● DATA SEGMENT
____________

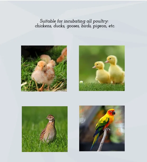 8. Подходит для инкубации всей птицы: кур, уток, гусиных животных, птиц, голубей и т. д.
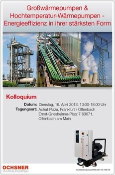 Beim Kolloquium „Großwärmepumpen & Hochtemperatur-Wärmepumpen“ am 16. April 2013 in Offenbach (Achat Plaza Frankfurt/Offenbach) werden die neue Technologie und ihre Anwendungsmöglichkeiten vom Ochsner-Entwicklungsteam und namhaften Experten aus Wissenschaft und Forschung präsentiert. Die halbtägige Veranstaltung (ab 13:00 Uhr) richtet sich an Energieverantwortliche, Anlagenplaner und Entscheidungsträger. ■
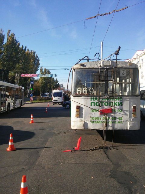 Авария произошла на перекрестке Соборного проспекта и улицы Днепровской. Упавшая троллейбусная штанга разбила окно маршрутки, осколки ранили пассажиров.

____________

Print the listing verbatim; no pictures.

● EXERCISE RESULT
 8. Подходит для инкубации всей птицы: кур, уток, гусиных животных, птиц, голубей и т. д.
 Beim Kolloquium „Großwärmepumpen & Hochtemperatur-Wärmepumpen“ am 16. April 2013 in Offenbach (Achat Plaza Frankfurt/Offenbach) werden die neue Technologie und ihre Anwendungsmöglichkeiten vom Ochsner-Entwicklungsteam und namhaften Experten aus Wissenschaft und Forschung präsentiert. Die halbtägige Veranstaltung (ab 13:00 Uhr) richtet sich an Energieverantwortliche, Anlagenplaner und Entscheidungsträger. ■
 Авария произошла на перекрестке Соборного проспекта и улицы Днепровской. Упавшая троллейбусная штанга разбила окно маршрутки, осколки ранили пассажиров.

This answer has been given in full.